Meleady, R. and Crisp, R. J. and Hodson, G. and Earle, M. (2019) 'On the generalization of intergroup contact : a taxonomy of transfer effects.', Current directions in psychological science., 28 (5). pp. 430-435.
The contact hypothesis proposes that bringing groups together under favorable conditions can improve intergroup relations. It is now well established that intergroup contact can improve attitudes not only toward the out-group as a whole but also toward other, noncontacted groups (secondary transfer effect). We review evidence of a further, higher-order generalization effect whereby intergroup contact also impacts more general cognitive processes outside of the intergroup context (i.e., tertiary transfer effects).
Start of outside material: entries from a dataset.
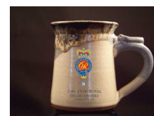
42nd Ceramic Mug

Order online or visit us at the Forfar Bridie booth at the Feast to get your mug!
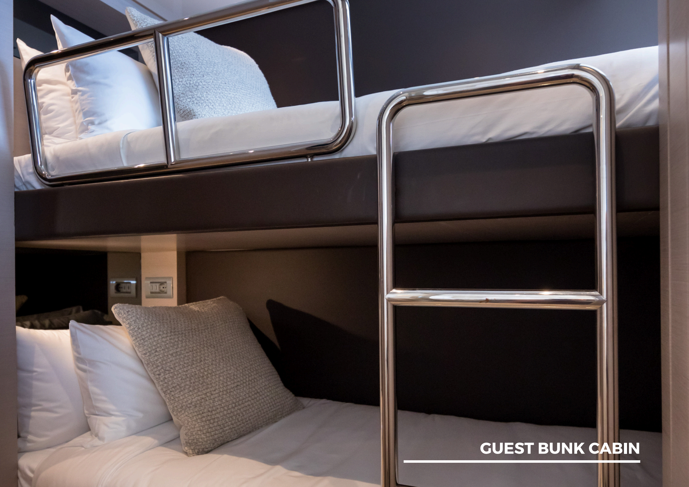
GUEST BUNK CABIN
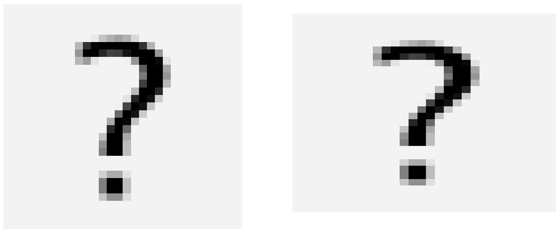
Figure 7 : Multi-level organization of phylomemetic networks. Left: from the micro-level of terms occurrences evolution to the evolution of the macro-level scientific fields, passing by the meso-level of keywords local networks describing some domain of interest. Right: the lineage of scientific fields arranged into phylomemetic branches. Each circle represents an element of the meso-level in the left part of the figure (a network of keywords computed over a given period that describes a scientific field). Vertical links between circles stand for conceptual kinship detection. Times flows top-down. The part of the branch highlighted by the caption is the domaine of rehabilitation engineering detailed in 5.3.

highlights how meso-level entities evolve through time at different scales of observation. The resulting multi-level organization this method defines (see Fig. 7) is a set of lineages of scientific fields arranged within phylomemetic branches. Each branch describes how fields of a given domain have strengthen, merged, split or weaken over time.
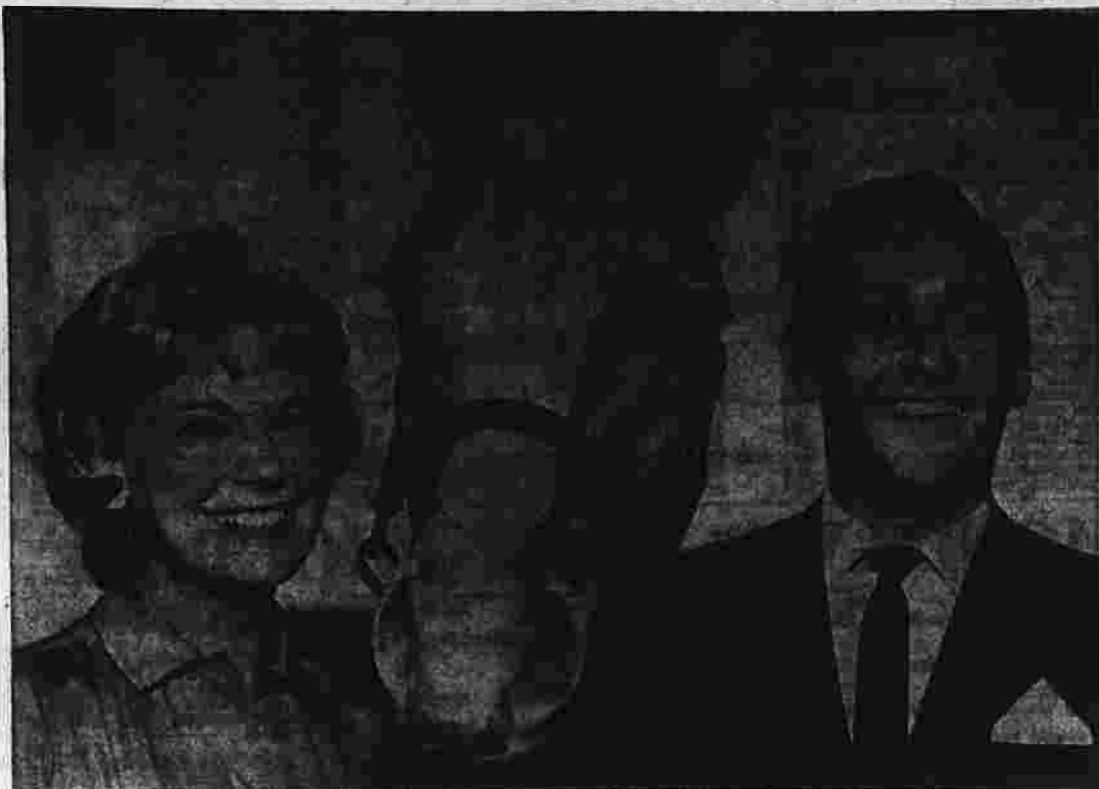
Connie Hines, Mister Ed, and Alan Young

has inherited a talking horse from the previous owner. Of course, "Mister Ed," the talking horse, will only talk to Alan, which makes for some tall situation comedy. When asked about situation comedy, Alan said, "People get clichés and get stuck with them. For the last few years, there have been all kinds of arguments about situation comedy. But it's all nonsense. All comedy is based on situations. Of course, when you can establish a set of circumstances where you develop new situations—that's where your comedy gets a fresh slant. That is why I was so thrilled with the idea of playing with "Mister Ed," the talking horse. It opened a whole new situation field. For example, the phone rings and no one is in, and the horse answers. He listens, then replies: "As soon as I finish eating my hay, I'll give him the message." It gets
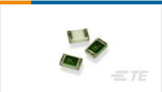
TE Part #2-1614885-7 CPF 0805 910K 0.1% 25PPM 1K RL
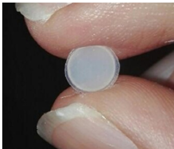
Figure 1. Composite resin disk.

To prepare bacterial suspensions, S. mutans (ATCC 25175), S. sanguis (ATCC 10556), and L. acidophilus (ATCC 4356) were used. All the bacteria were grown in brain-heart infusion broth (BHI; Difco, Sparks, MD, USA) at 37°C until the cells reached the mid-logarithmic phase (optical density=600 nm, 0.5 for S. mutans and S. sanguis , and 1 for L. acidophilus ). L. acidophilus was grown under anaerobic conditions, and the two other bacteria were grown under aerobic conditions in the presence of 5% CO 2 .
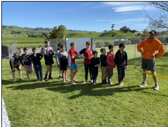
Athletics with Whakatutuki

Weds 11 th November Masterton Athletics Day Thurs 12 th November SCHOOL TRIPS Mon 30 th November BOT Meeting – 5.30pm Tues 1 st December Water Skills Day – Swim NZ Fri 4 th December Beach Education Day – Riversdale Mon 14 th December Prizegiving and Dinner – 5pm Tues 15 th December Term 4, 2020 Final Day – 1pm finish
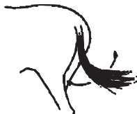
Swishing tail - I am warning you to not come any closer.
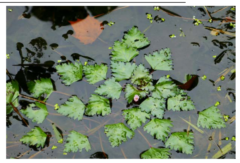
Two-horned water chestnut with pink flower

Once in a waterbody, it is capable of covering the shallows like a blanket within two or three years. In 2014, wildlife biologists observed a patch in the tidal Potomac River at Pohick Bay near Lorton. Starting then, the Virginia Department of Wildlife Resources harvested the plants annually and eradicated them by 2018. However, surveys in Fairfax County revealed it was harboring in regional ponds and lakes. The number of colonized ponds was doubling annually. At that rate, water
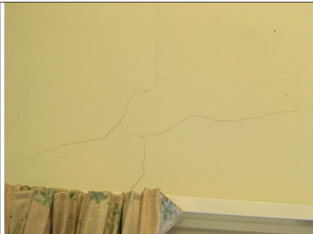
15-01-19, 13.23.28 – First Floor
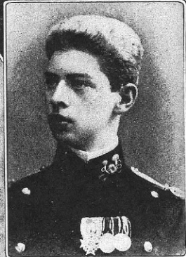
Crown Prince Charles of Roumania
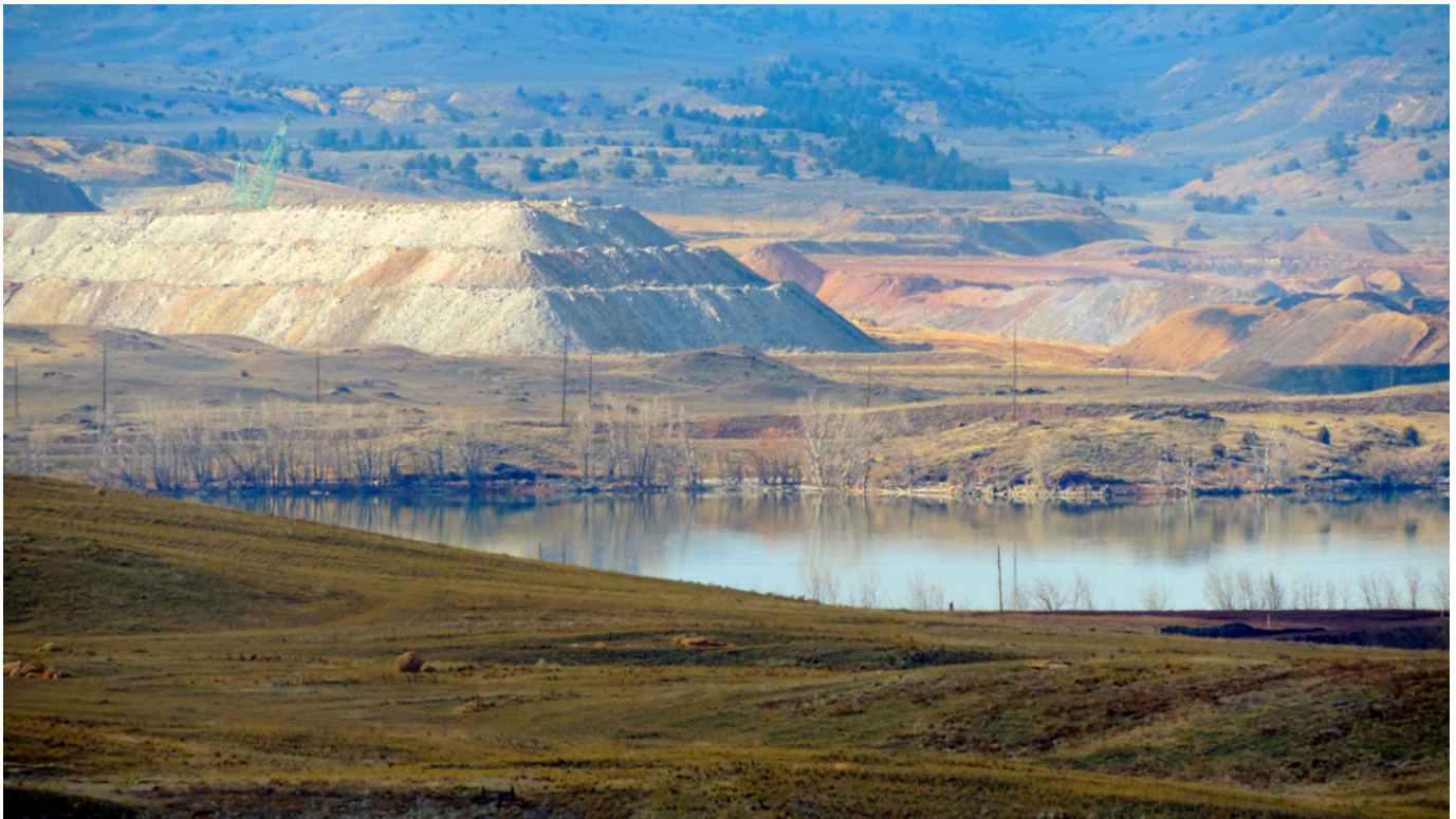
Mining spoils next to the Tongue River Reservoir, which is a popular recreation destination in Montana.

The Mineral Leasing Act of 1920 and Federal Coal Leasing Amendments Act of 1976 require that federal coal leases be offered competitively. 9 However, for decades, BLM has run a noncompetitive program that lacks transparency and oversight, and undervalues coal at a loss to the American taxpayer.

We present a taxonomy of transfer effects that explains these generalization effects as distinct outcomes of the contact process yet contingent on the same component process, specifically, the assessment of the semantic distance between the target (e.g., contacted individual) and the frame (e.g., group prototype). This conceptualization provides an explanatory framework for uniting the disparate forms of transfer effect in the contact literature, clarifying why primary and secondary transfer effects are facilitated by low semantic distance and why contact is more cognitively demanding under conditions of high semantic distance, but with greater potential for cognitive growth.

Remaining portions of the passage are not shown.